▶ [Excerpted data]:
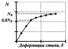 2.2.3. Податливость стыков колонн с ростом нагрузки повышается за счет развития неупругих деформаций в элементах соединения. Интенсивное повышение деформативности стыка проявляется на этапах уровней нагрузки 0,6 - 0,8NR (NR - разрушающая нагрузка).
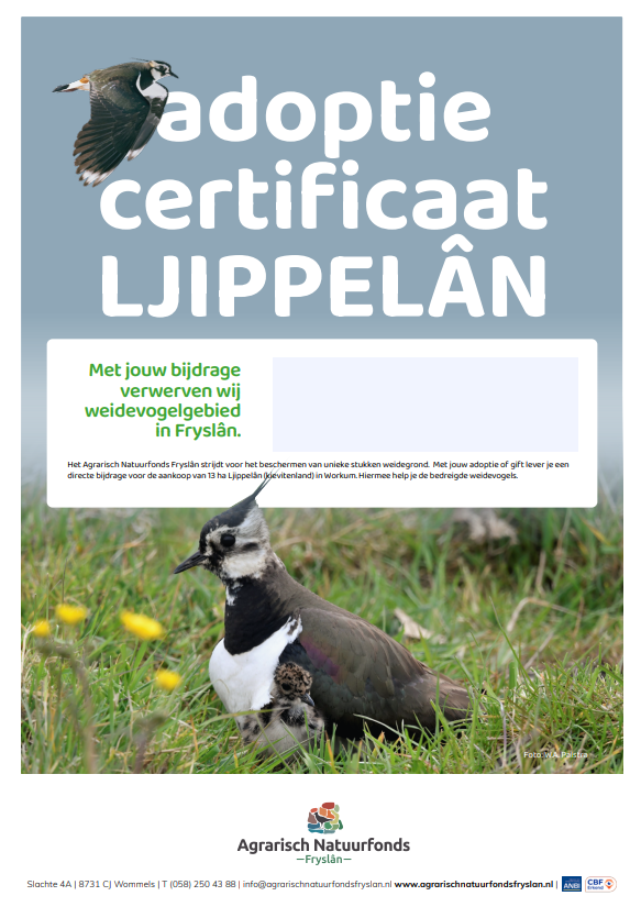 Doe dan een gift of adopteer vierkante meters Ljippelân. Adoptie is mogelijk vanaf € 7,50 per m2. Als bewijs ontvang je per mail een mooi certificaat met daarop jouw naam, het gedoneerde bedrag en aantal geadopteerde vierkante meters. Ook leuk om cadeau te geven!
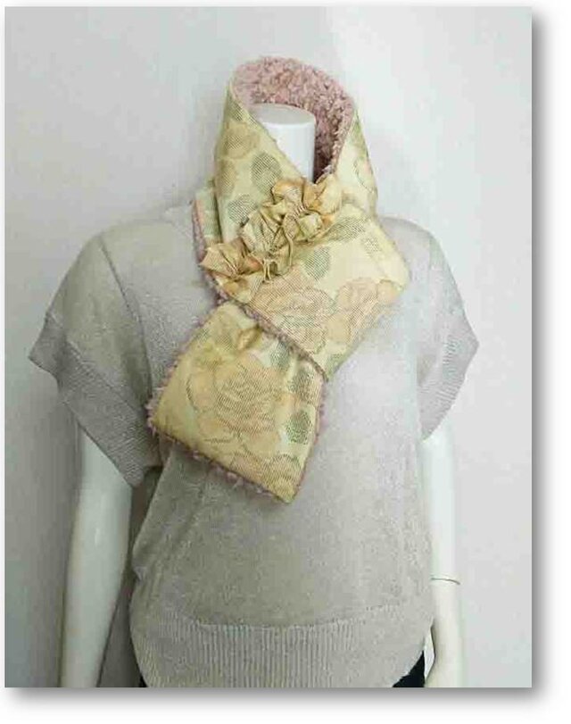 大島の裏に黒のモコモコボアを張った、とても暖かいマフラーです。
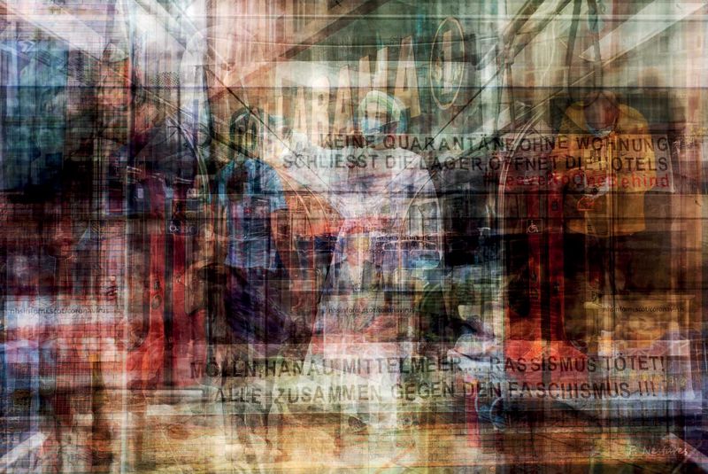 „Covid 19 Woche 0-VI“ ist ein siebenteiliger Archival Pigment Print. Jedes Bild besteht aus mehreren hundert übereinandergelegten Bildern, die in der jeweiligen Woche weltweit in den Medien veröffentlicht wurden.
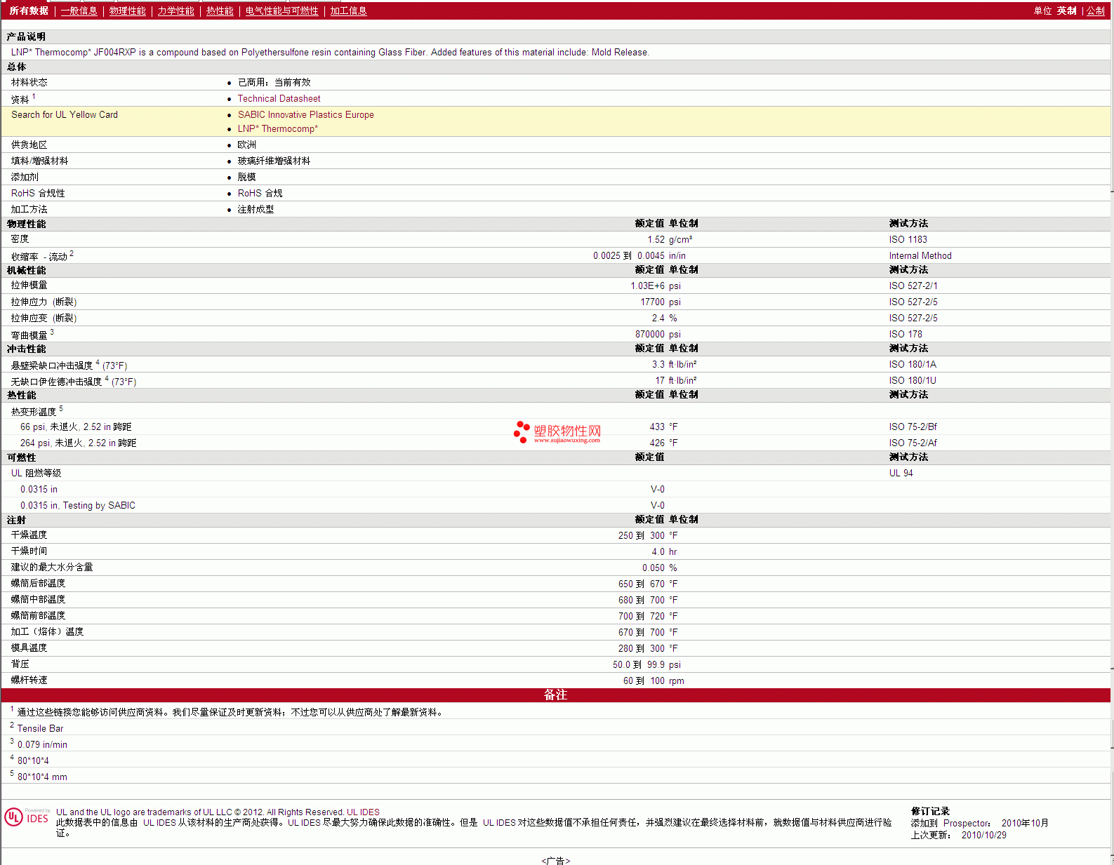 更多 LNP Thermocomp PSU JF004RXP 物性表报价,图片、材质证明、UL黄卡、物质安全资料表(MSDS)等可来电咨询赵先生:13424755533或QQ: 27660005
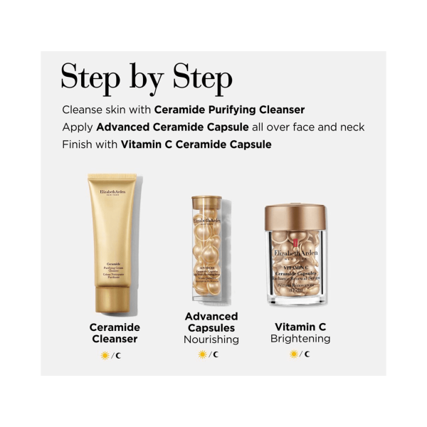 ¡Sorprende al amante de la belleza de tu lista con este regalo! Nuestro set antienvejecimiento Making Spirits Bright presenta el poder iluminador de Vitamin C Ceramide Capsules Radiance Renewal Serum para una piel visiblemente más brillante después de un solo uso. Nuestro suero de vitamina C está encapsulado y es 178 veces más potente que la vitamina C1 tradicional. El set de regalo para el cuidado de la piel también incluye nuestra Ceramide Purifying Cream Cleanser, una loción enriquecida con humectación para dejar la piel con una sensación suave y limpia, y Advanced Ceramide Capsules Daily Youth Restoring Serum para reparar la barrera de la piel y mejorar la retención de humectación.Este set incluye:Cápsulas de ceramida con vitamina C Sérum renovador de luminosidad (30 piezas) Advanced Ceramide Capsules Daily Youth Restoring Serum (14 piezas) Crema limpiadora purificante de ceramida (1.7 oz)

* * *

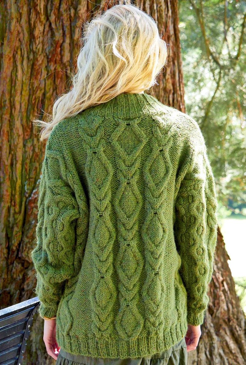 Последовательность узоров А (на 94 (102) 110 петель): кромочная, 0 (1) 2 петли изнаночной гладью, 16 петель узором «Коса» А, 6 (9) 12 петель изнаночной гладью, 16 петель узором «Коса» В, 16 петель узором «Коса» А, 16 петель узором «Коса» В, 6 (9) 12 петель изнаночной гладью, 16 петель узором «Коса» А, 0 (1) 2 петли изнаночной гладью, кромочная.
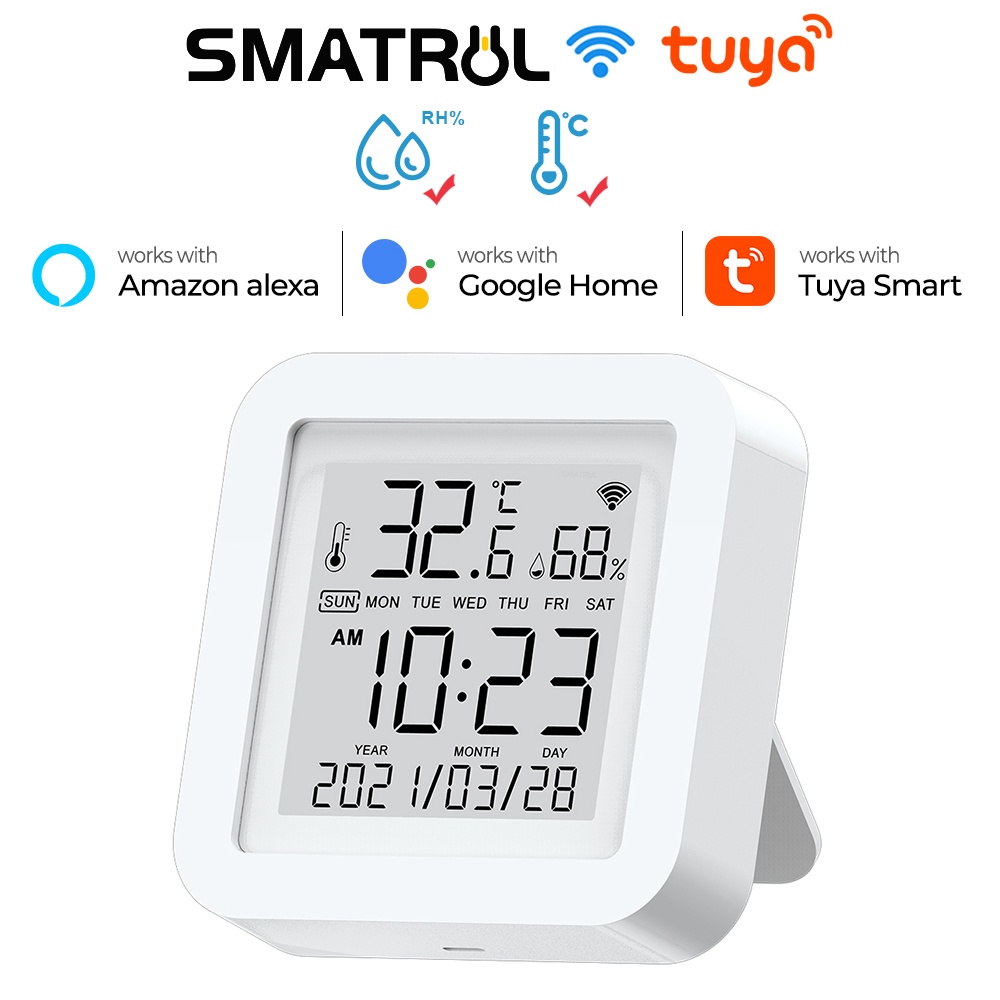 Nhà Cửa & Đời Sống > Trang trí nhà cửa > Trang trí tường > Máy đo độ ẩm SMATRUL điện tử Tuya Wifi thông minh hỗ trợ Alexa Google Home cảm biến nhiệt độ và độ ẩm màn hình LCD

▶ [What to do]:
Beginning at the line above that contains "2.2.3. Податливость стыков", repeat each line exactly through the one that contains "ceramida (1.7 oz)", and leave out the pictures.

▶ [Response to this exercise]:
 2.2.3. Податливость стыков колонн с ростом нагрузки повышается за счет развития неупругих деформаций в элементах соединения. Интенсивное повышение деформативности стыка проявляется на этапах уровней нагрузки 0,6 - 0,8NR (NR - разрушающая нагрузка).
 Doe dan een gift of adopteer vierkante meters Ljippelân. Adoptie is mogelijk vanaf € 7,50 per m2. Als bewijs ontvang je per mail een mooi certificaat met daarop jouw naam, het gedoneerde bedrag en aantal geadopteerde vierkante meters. Ook leuk om cadeau te geven!
 大島の裏に黒のモコモコボアを張った、とても暖かいマフラーです。
 „Covid 19 Woche 0-VI“ ist ein siebenteiliger Archival Pigment Print. Jedes Bild besteht aus mehreren hundert übereinandergelegten Bildern, die in der jeweiligen Woche weltweit in den Medien veröffentlicht wurden.
 更多 LNP Thermocomp PSU JF004RXP 物性表报价,图片、材质证明、UL黄卡、物质安全资料表(MSDS)等可来电咨询赵先生:13424755533或QQ: 27660005
 ¡Sorprende al amante de la belleza de tu lista con este regalo! Nuestro set antienvejecimiento Making Spirits Bright presenta el poder iluminador de Vitamin C Ceramide Capsules Radiance Renewal Serum para una piel visiblemente más brillante después de un solo uso. Nuestro suero de vitamina C está encapsulado y es 178 veces más potente que la vitamina C1 tradicional. El set de regalo para el cuidado de la piel también incluye nuestra Ceramide Purifying Cream Cleanser, una loción enriquecida con humectación para dejar la piel con una sensación suave y limpia, y Advanced Ceramide Capsules Daily Youth Restoring Serum para reparar la barrera de la piel y mejorar la retención de humectación.Este set incluye:Cápsulas de ceramida con vitamina C Sérum renovador de luminosidad (30 piezas) Advanced Ceramide Capsules Daily Youth Restoring Serum (14 piezas) Crema limpiadora purificante de ceramida (1.7 oz)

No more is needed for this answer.